Your objective:
Your reply should reproduce the data below without a single alteration, apart from dropping the images.

Information shown:
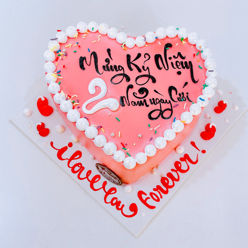 Những dòng chữ đơn giản, như tên hai người và số năm kỷ niệm, được trang trí tinh tế trên bánh, tạo nên sự ấm áp cho bữa tiệc. Với kích thước phù hợp cho 2 đến 10 người, bánh kem trở thành lựa chọn hoàn hảo cho các buổi họp mặt và kỷ niệm nhỏ. Đặc biệt, hương vị của bánh kem, từ các loại kem đa dạng cho đến những trang trí độc đáo chủ đề tình yêu, khiến cho mỗi miếng bánh đều mang lại sự hài lòng.
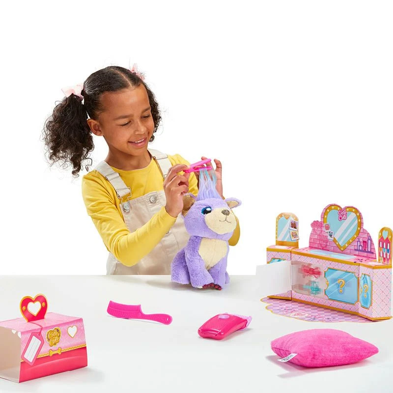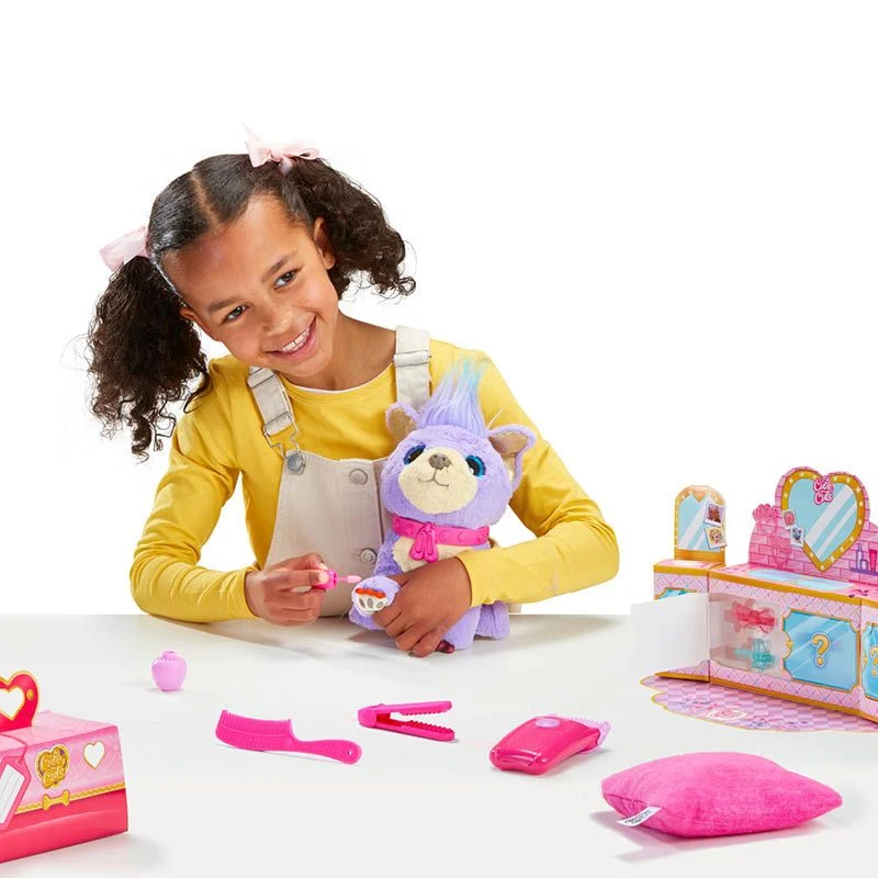 En komplett kjæledyrsalong med et søtt og bedårende Scruff A Luv plysjdyr! Ja, du kan til og med klippe pelsen! hvor fint kan du style den lilla hunden din? Start med å klippe valpen din, gi den et bad, vask, tørk og børst pelsen! Nå for den spesielle behandlingen; Mal neglene på potene, så styler og legger du til tilbehør – Ta daah !! WOW, du er så søt!
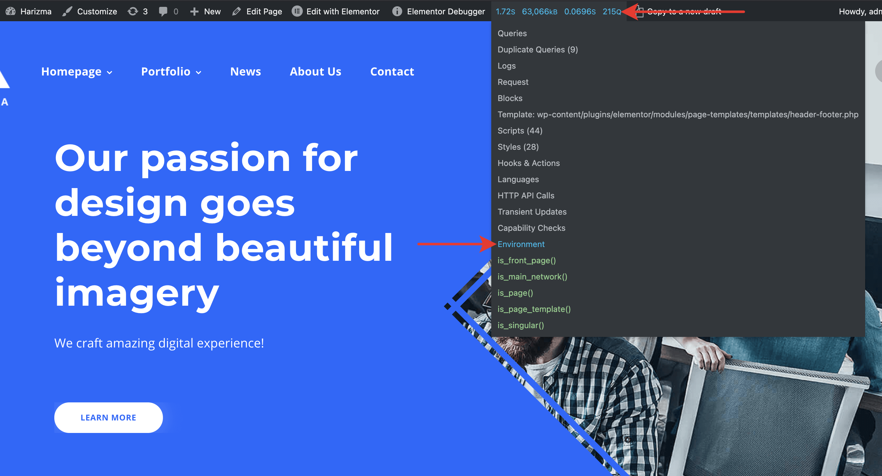 Once Query Monitor (opens new window) is installed and activated, go to your site frontend. You should see a new item in the admin bar. It may show Query Monitor, QM, or some network statistics.
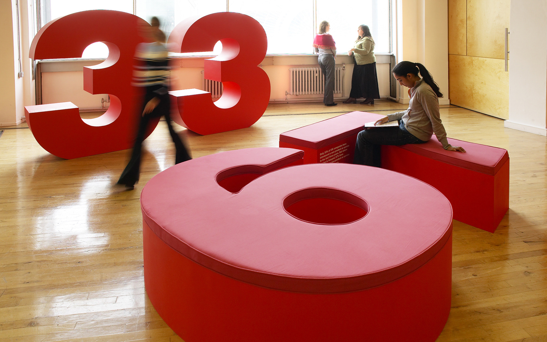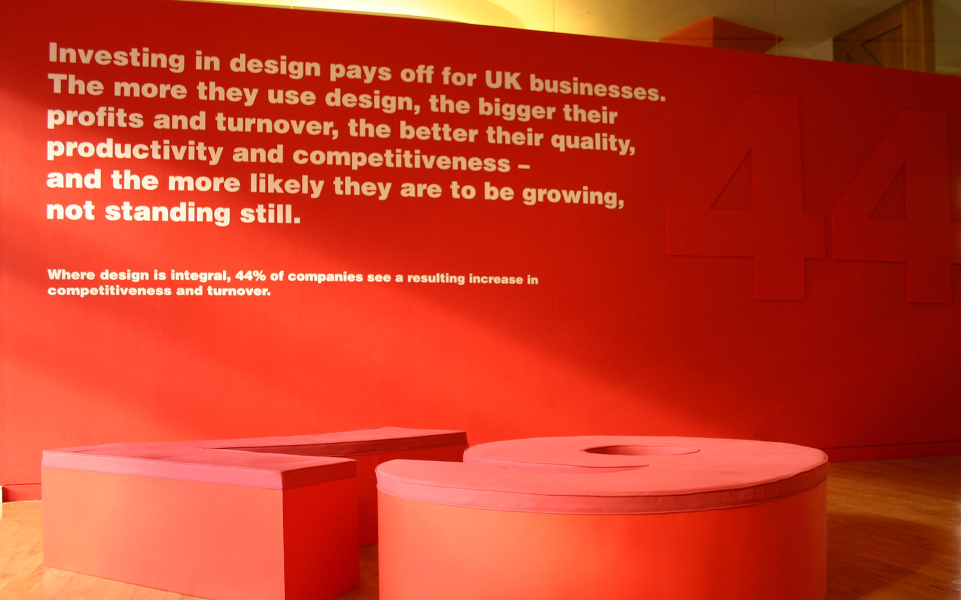 Design Council required a concept for their London-based staff that visualised metrics for the effectiveness of design in business. Rather than suggesting a wall-mounted infographic or a printed brochure, we devised a series of environmental installations throughout Design Council's offices with which colleagues could interact and engage.

Answer box:
 Những dòng chữ đơn giản, như tên hai người và số năm kỷ niệm, được trang trí tinh tế trên bánh, tạo nên sự ấm áp cho bữa tiệc. Với kích thước phù hợp cho 2 đến 10 người, bánh kem trở thành lựa chọn hoàn hảo cho các buổi họp mặt và kỷ niệm nhỏ. Đặc biệt, hương vị của bánh kem, từ các loại kem đa dạng cho đến những trang trí độc đáo chủ đề tình yêu, khiến cho mỗi miếng bánh đều mang lại sự hài lòng.
 En komplett kjæledyrsalong med et søtt og bedårende Scruff A Luv plysjdyr! Ja, du kan til og med klippe pelsen! hvor fint kan du style den lilla hunden din? Start med å klippe valpen din, gi den et bad, vask, tørk og børst pelsen! Nå for den spesielle behandlingen; Mal neglene på potene, så styler og legger du til tilbehør – Ta daah !! WOW, du er så søt!
 Once Query Monitor (opens new window) is installed and activated, go to your site frontend. You should see a new item in the admin bar. It may show Query Monitor, QM, or some network statistics.
 Design Council required a concept for their London-based staff that visualised metrics for the effectiveness of design in business. Rather than suggesting a wall-mounted infographic or a printed brochure, we devised a series of environmental installations throughout Design Council's offices with which colleagues could interact and engage.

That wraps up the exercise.